L’ennesima sedia volò da una parte all’altra della stanza e si schiantò con un tonfo sordo sulla parete di pietra, scivolando al suolo senza una gamba. Katrina, disperata, che non osava farsi avanti per timore di essere colpita, disse con la voce ormai arrochita: “Padrone, vi prego, calmatevi!”
Lui rispose con un mezzo ruggito. Era al centro della sua stanza da letto, completamente devastata: il letto polveroso aveva le coperte a brandelli e il cuscino che aveva sparso piume tutt’intorno, frammenti di legno giacevano sul pavimento, gli arazzi pendevano dai muri stracciati, e c’erano sedie rovesciate, oggetti rotti e ciotole spezzate. Katrina, ferma sulla soglia, con le mani premute sul volto pallido, fissava disperatamente l’orco che fracassava tutto con furia cieca. Per la prima volta ne aveva paura: non l’aveva mai visto così infuriato, così fuori di sé. Ansimava, il petto che si sollevava ed abbassava rapidamente, la faccia contorta in una smorfia terribile, e gli occhi gettavano bagliori infuocati dappertutto, dandogli un’aria folle. I vestiti erano a brandelli. A volte gridava, altre urlava parole contorte.

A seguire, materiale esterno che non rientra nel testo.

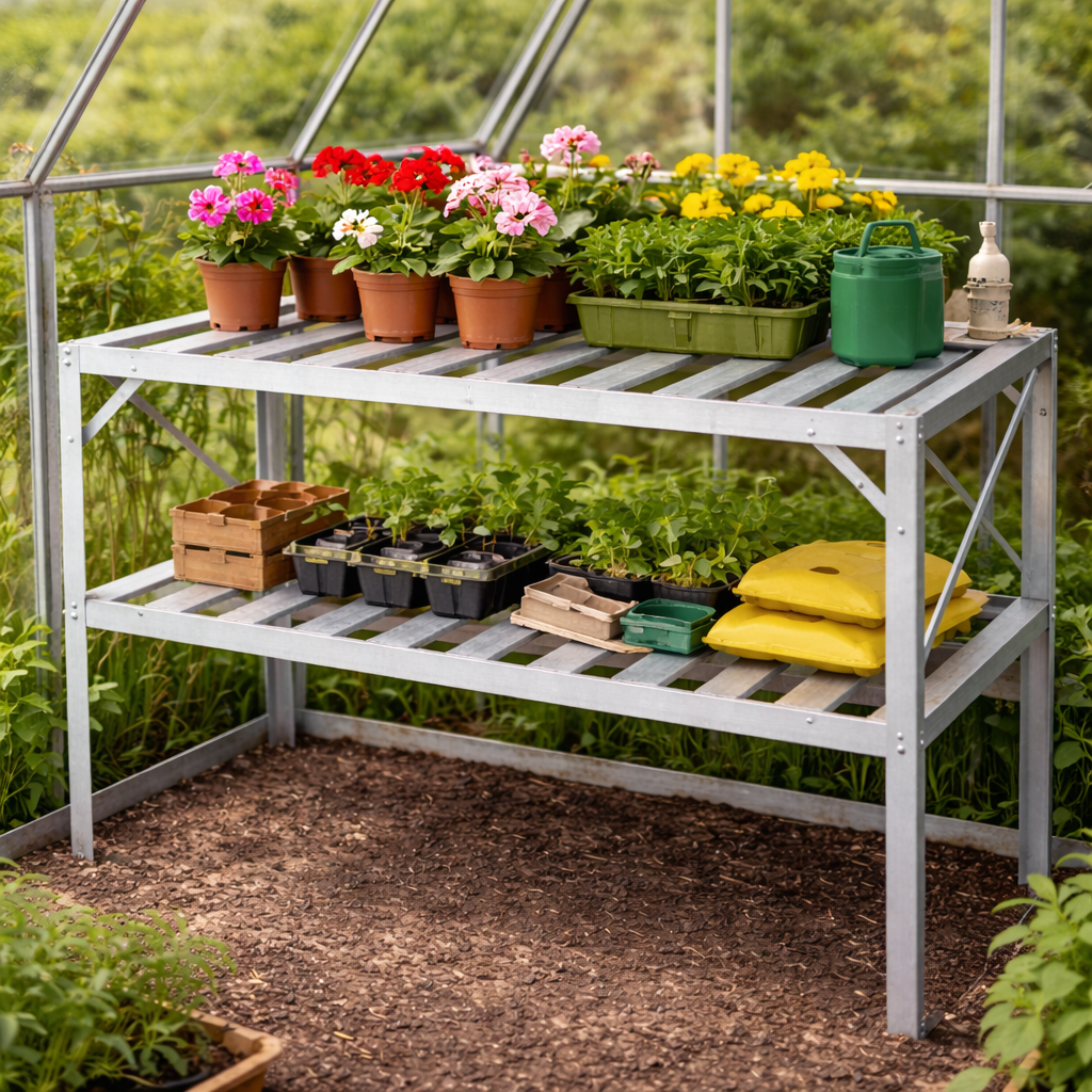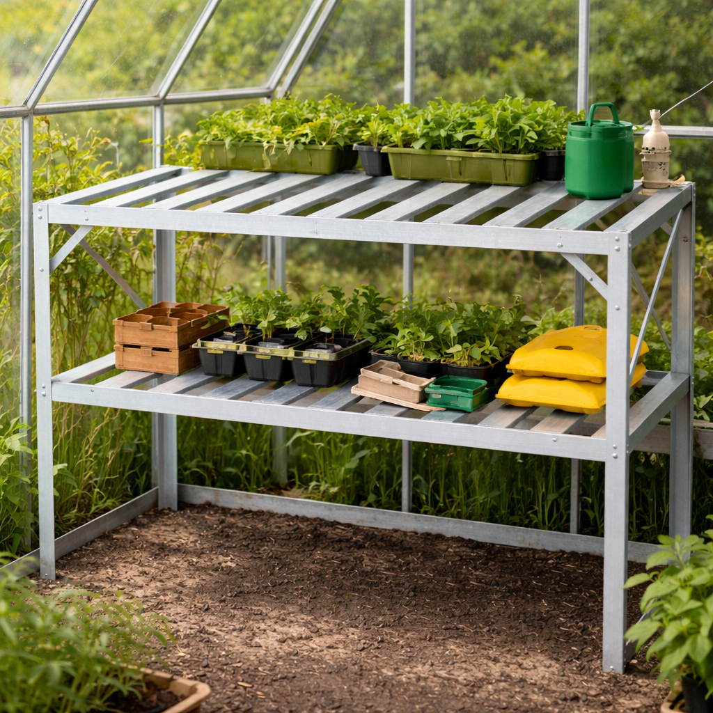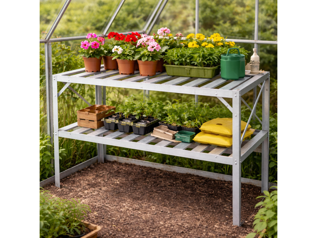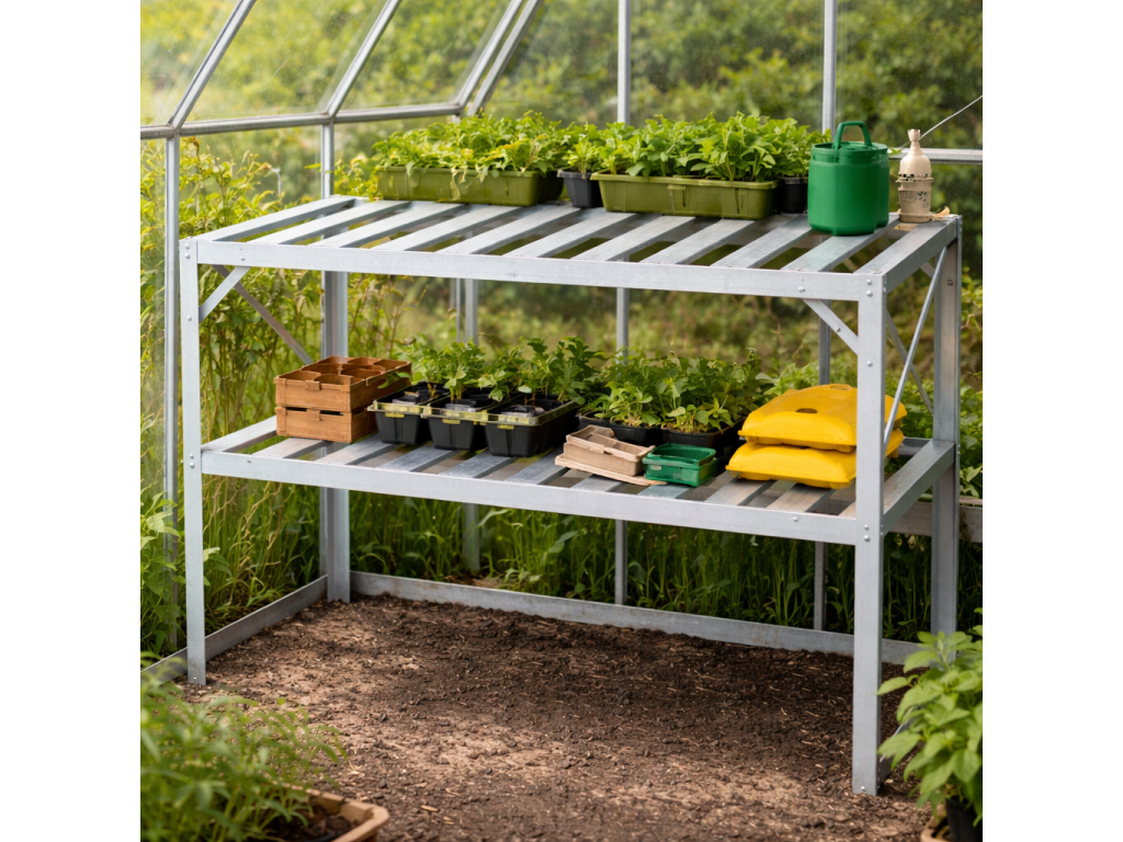 Praktické řešení pro váš skleníkDvoupolicový regál je navržen tak, aby dokonale zapadl do většiny standardních skleníků. Pomáhá efektivně využít výšku prostoru a rozšířit pěstební plochu. Poskytuje dostatek místa pro sadbovače, květináče i zahradní nádoby a umožňuje lepší organizaci prostoru. TIP: Umístěním rostlin na vyvýšenou polici zajistíte lepší přístup světla i pohodlnější manipulaci.

Si scagliò contro un ripiano di legno, lo afferrò, lo sollevò sopra la testa come se pesasse meno di una piuma, gli fece fare un mezzo giro e lo lanciò con un grido contro il letto. Urtandolo, andò in pezzi, spargendo scaglie tutt’intorno. Katrina emise un gemito quando il botto riempì l’aria: “Padrone, smettetela!”

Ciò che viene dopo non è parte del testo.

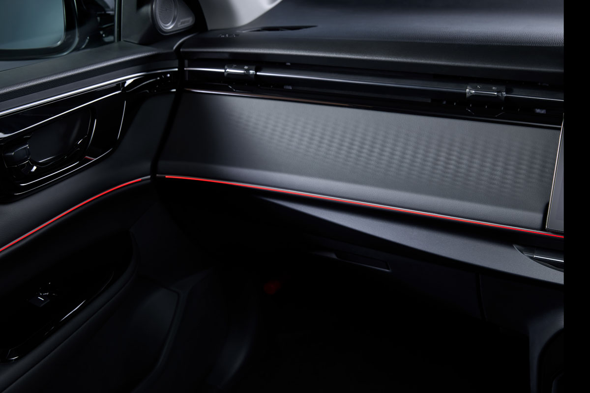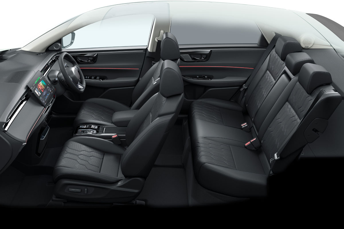 インテリアは、包み込むような造形と 室内全体の繋がりを意識したラウンドデザインに仕上げている。上質なソフトパッド素材を採用するとともに、インスツルメントパネルやドアの造形に沿ってLEDアンビエントランプを装備するなど質感を高め、どこに座っても心地よく、上質で一体感のある室内空間としている。
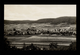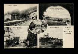 Bahnhof Effelder, Effelder, Totalansicht aus der Kapelle gesehen, Lange Straße mit Pfarrhaus, Effelder Kirche, Tunnel bei Effelder |
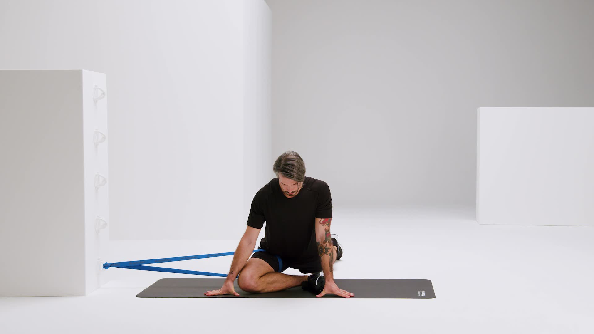 Commencez en position quadrupède et placez le SUPER BAND autour de l'intérieur de votre cuisse. Placez la bande aussi près de la hanche que possible. Maintenant, amenez une jambe devant le corps et pliez-la au niveau du genou de 45 à 90°, aussi loin que vous le pouvez.
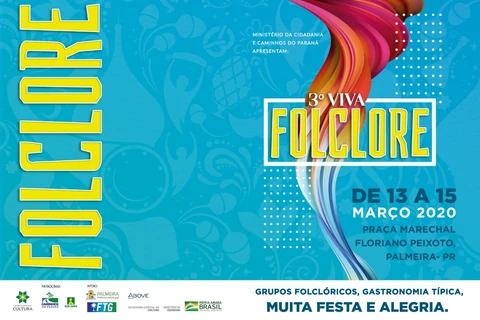 IMPRENSA/Palmeira - A 3ª edição do Viva o Folclore promete movimentar o cenário cultural de Palmeira a partir da próxima quinta-feira (12), na Praça Marechal Floriano Peixoto, tornando a Cidade Clima a capital paranaense do folclore. Na programação do evento, que se estende até domingo (15), apresentações de grupos folclóricos, gastronomia típica, muita festa e alegria.
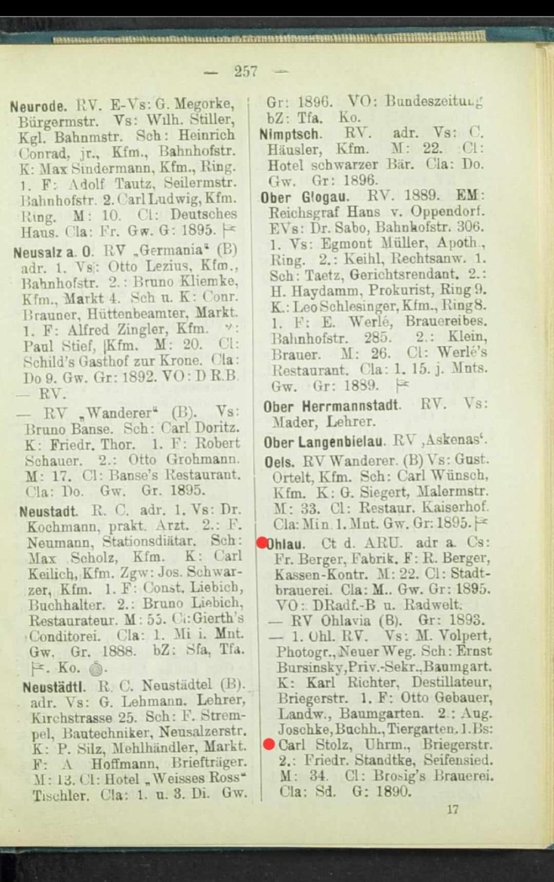 O tej samej firmie Wojtek Tetlak pisał już rok temu, tyle że wtedy chodziło o szczątki zegarka kieszonkowego z grawerem. - Po krótkich poszukiwaniach i nieodzownej pomocy przyjaciółki Ewy odnalazł się sklep/zakład, z którego pochodził grawer - pisał wtedy Wojtek. - Udało się odnaleźć wzmiankę, że firma Carla Stolza należała do niemieckiego klubu rowerowego. Co ciekawe, do klubu należał między innymi Max Volpert - znany nam oławski fotograf. Założycielem pierwszego klubu/stowarzyszenia rowerowego był Carl Hindenburg w Magdeburgu, w roku 1869, a w Oławie pierwsze stowarzyszenie rowerowe powstało w roku 1890 r. Dotarłem na archiwalnych niemieckich forach do rodziny Stolz i jej opisu historii z tamtych lat: "Znam ten zegar - mowa o wieży ratuszowej - z narracji mojego dziadka Erharda Stolza. który był uczniem mistrza zegarmistrzostwa Alfreda Stolza. W latach 1935-1938 mój dziadek w wieku 15-18 lat miał każdego dnia wchodzić na wieżę, aby nakręcać zegar".

L’orco non la ascoltava. Se fosse stata invisibile avrebbe ottenuto lo stesso effetto. Cercò insistentemente qualcos’altro da distruggere. Tolse dalla parete un quadro antichissimo che raffigurava la foresta nei minimi dettagli. La vecchia domestica spalancò gli occhi: “No! Non il quadro di vostro padre!”
Non ci fu nulla da fare: l’orco scagliò il quadro a terra, e continuò a infrangerlo fino ad averlo distrutto completamente. A Katrina sembrò di udire il grido indignato del vecchio padrone. Erano giorni che lui fracassava il maniero con quell’aria folle, e non erano valse a nulla le sue preghiere, le sue parole, i suoi gesti. Aveva perfino rifiutato il cibo. Il peggio era che lei non sapeva più come fare.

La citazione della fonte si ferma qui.